Malone, an instructor of African American Studies, told California Black Media that Asian Americans have an unfortunate history of taking unfriendly positions toward African Americans that dates all the way back to the late 1800s and early 1900s.
They did not come in chains like Black people, she said, referring to a group of Chinese immigrants as one example of an Asian American sub-group whose historical relationship with African Americans has been characterized more by conflict than agreement.
The need for labor on the Continental Railroad and other menial jobs at the turn of the 20th century prompted the United States to relax immigration policies. Asians took advantage of it and emigrated in large numbers.
“Asian Americans have had a long history of being anti-Black as their strategy to protect themselves,” Malone said in a telephone interview with CBM. “Say like in the early 1900s when the Chinese were immigrating to Mississippi, they were doing everything they could to prove to White folks that they were not Black. They wanted to be more like White people.”
Malone said the move to align themselves with White identity and interests in America has been about self-preservation for some Asian Americans. The White power structure, she said, was more suitable and advantageous.
Malone said some Asian Americans still rely on that strategy to get ahead.
Former Democrat presidential candidate Andrew Yang, who is Taiwanese American, says some Asian Americans have bought into an idea that America has sold them: That they are the most vaunted group among the country’s minorities.

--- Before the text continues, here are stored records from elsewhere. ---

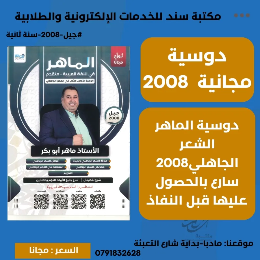 مكتبة سند - الماهر ابو بكر الشعر الجاهلي عربي تخصص 2008 س2 ف1 (مجانية)
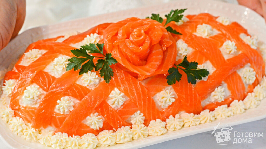 Для украшения нарежьте слабосоленую рыбу тонкими ломтиками и красиво оформите блюдо, добавив розочки из сливочного сыра.
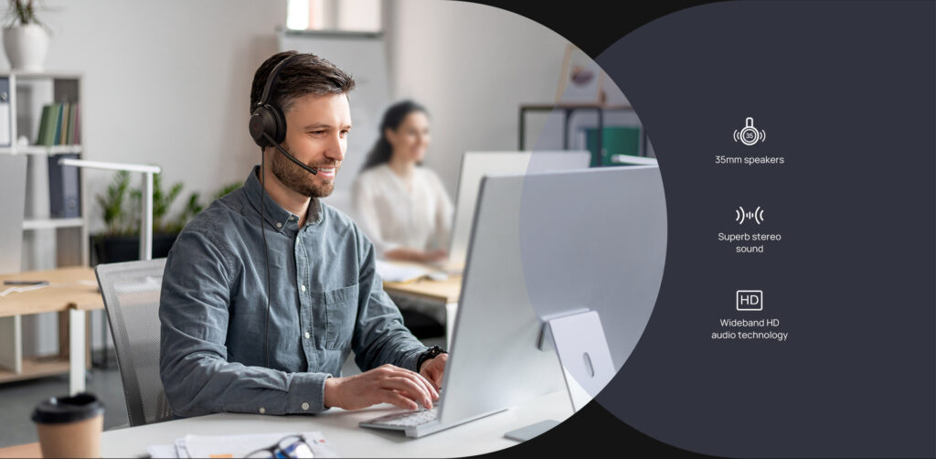 Được thiết kế để mang lại sự thoải mái và nhẹ nhàng, tai nghe đi kèm với dây đeo đầu bằng da và đệm tai thân thiện với da, khiến tai nghe trở nên lý tưởng khi đeo trong thời gian dài. Hoàn toàn phù hợp cho cả môi trường văn phòng và làm việc từ xa, UH35 hỗ trợ duy trì sự tập trung và tăng năng suất. Tai nghe có thể hoạt động trơn tru với các nền tảng UC chính và tích hợp nguyên bản với điện thoại IP Yealink.

“Obviously, alternately, they could have been in solidarity. Asians and Black folks could have been fighting together,” Malone said. “But unfortunately, many Asians have a history of taking the fate of ‘we’re going to side with the White power structure.’ The model-minority myth helped tighten that strategy.”
The next round of voting on ACA 5 will be on the Assembly floor at the State Capitol on June 10. If the proposition passes that hurdle, it moves on to the California Senate for consideration.